START SUPPLIED INFORMATION

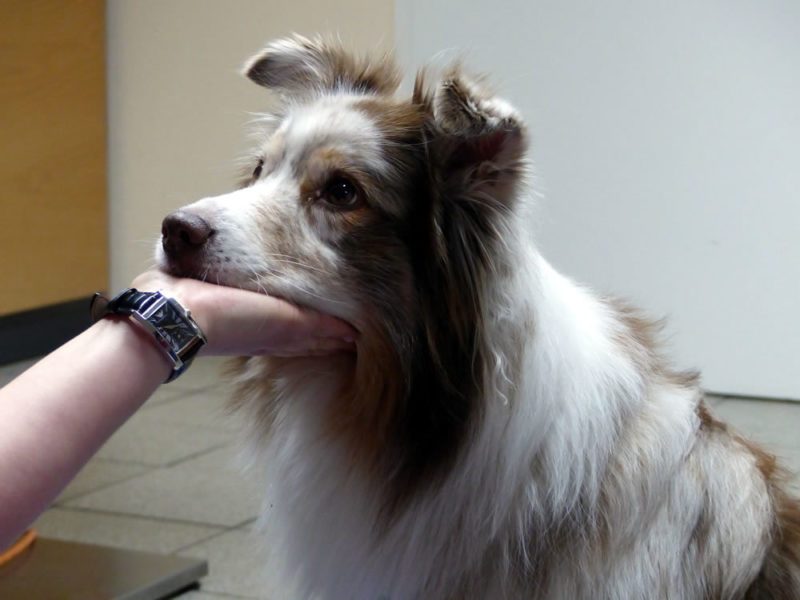 Sie selbst können in jeder Situation viel tun, um Ihrem Hund zu helfen, sich in der Tierarztpraxis wohl zu fühlen. Die emotionale und körperliche Balance wechselwirken immer miteinander. Das heißt, je wohler sich Ihr Hund in seinem Körper fühlt, desto besser kann er mit aufregenden Erlebnissen umgehen. Die Tellington TTouch® Methode setzt spezielle sanfte und effektive Berührungen ein, die Ihrem Hund helfen, gelassen zu bleiben. Eine leicht zu erlernende Technik ist der sogenannte Ohren-TTouch. Nehmen Sie hierfür ein Ohr Ihres Hundes zwischen Daumen und Zeigefinger und streichen Sie mit einer ruhigen Bewegung von der Ohrbasis zur Ohrspitze. Folgen Sie dabei der natürlichen Ohrform Ihres Hundes: bei Stehohren streichen Sie nach oben, bei Schlappohren nach unten. Im Ohr befinden sich zahlreiche Akupunkturpunkte, so dass über das Ausstreichen sowohl das Verhalten beeinflusst werden kann, als auch der Kreislauf stabilisiert werden. Daher ist diese Technik auch sehr gut geeignet, Ihr Tier nach einer Narkose zu unterstützen, gut wieder „auf die Pfoten“ zu kommen. Achten Sie darauf das Ohr sanft und nur mit leichtem Druck auszustreichen und selber deutlich auszuatmen. Aufgeregte oder ängstliche Hunde halten entweder die Luft an oder hecheln. Ein Ausatmen des Menschen überträgt sich häufig auf den Hund und führt dazu, dass dieser auch ruhiger atmet und sich dadurch entspannt.
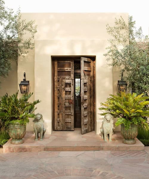 5. A vintage door from Central America marks the entrance to this Mediterranean home in San Diego. Matching lanterns, sculpture and potted plants enhance the elegant entry.
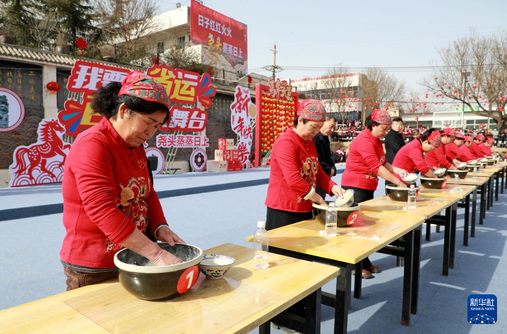 2月10日,人们在陕西省渭南市澄城县百姓大舞台文化活动上参加和面比赛。

END SUPPLIED INFORMATION

▶ _WHAT IS NEEDED_:
Give back all of the data exactly, but not the pictures.

▶ _ANSWER_:
 Sie selbst können in jeder Situation viel tun, um Ihrem Hund zu helfen, sich in der Tierarztpraxis wohl zu fühlen. Die emotionale und körperliche Balance wechselwirken immer miteinander. Das heißt, je wohler sich Ihr Hund in seinem Körper fühlt, desto besser kann er mit aufregenden Erlebnissen umgehen. Die Tellington TTouch® Methode setzt spezielle sanfte und effektive Berührungen ein, die Ihrem Hund helfen, gelassen zu bleiben. Eine leicht zu erlernende Technik ist der sogenannte Ohren-TTouch. Nehmen Sie hierfür ein Ohr Ihres Hundes zwischen Daumen und Zeigefinger und streichen Sie mit einer ruhigen Bewegung von der Ohrbasis zur Ohrspitze. Folgen Sie dabei der natürlichen Ohrform Ihres Hundes: bei Stehohren streichen Sie nach oben, bei Schlappohren nach unten. Im Ohr befinden sich zahlreiche Akupunkturpunkte, so dass über das Ausstreichen sowohl das Verhalten beeinflusst werden kann, als auch der Kreislauf stabilisiert werden. Daher ist diese Technik auch sehr gut geeignet, Ihr Tier nach einer Narkose zu unterstützen, gut wieder „auf die Pfoten“ zu kommen. Achten Sie darauf das Ohr sanft und nur mit leichtem Druck auszustreichen und selber deutlich auszuatmen. Aufgeregte oder ängstliche Hunde halten entweder die Luft an oder hecheln. Ein Ausatmen des Menschen überträgt sich häufig auf den Hund und führt dazu, dass dieser auch ruhiger atmet und sich dadurch entspannt.
 5. A vintage door from Central America marks the entrance to this Mediterranean home in San Diego. Matching lanterns, sculpture and potted plants enhance the elegant entry.
 2月10日,人们在陕西省渭南市澄城县百姓大舞台文化活动上参加和面比赛。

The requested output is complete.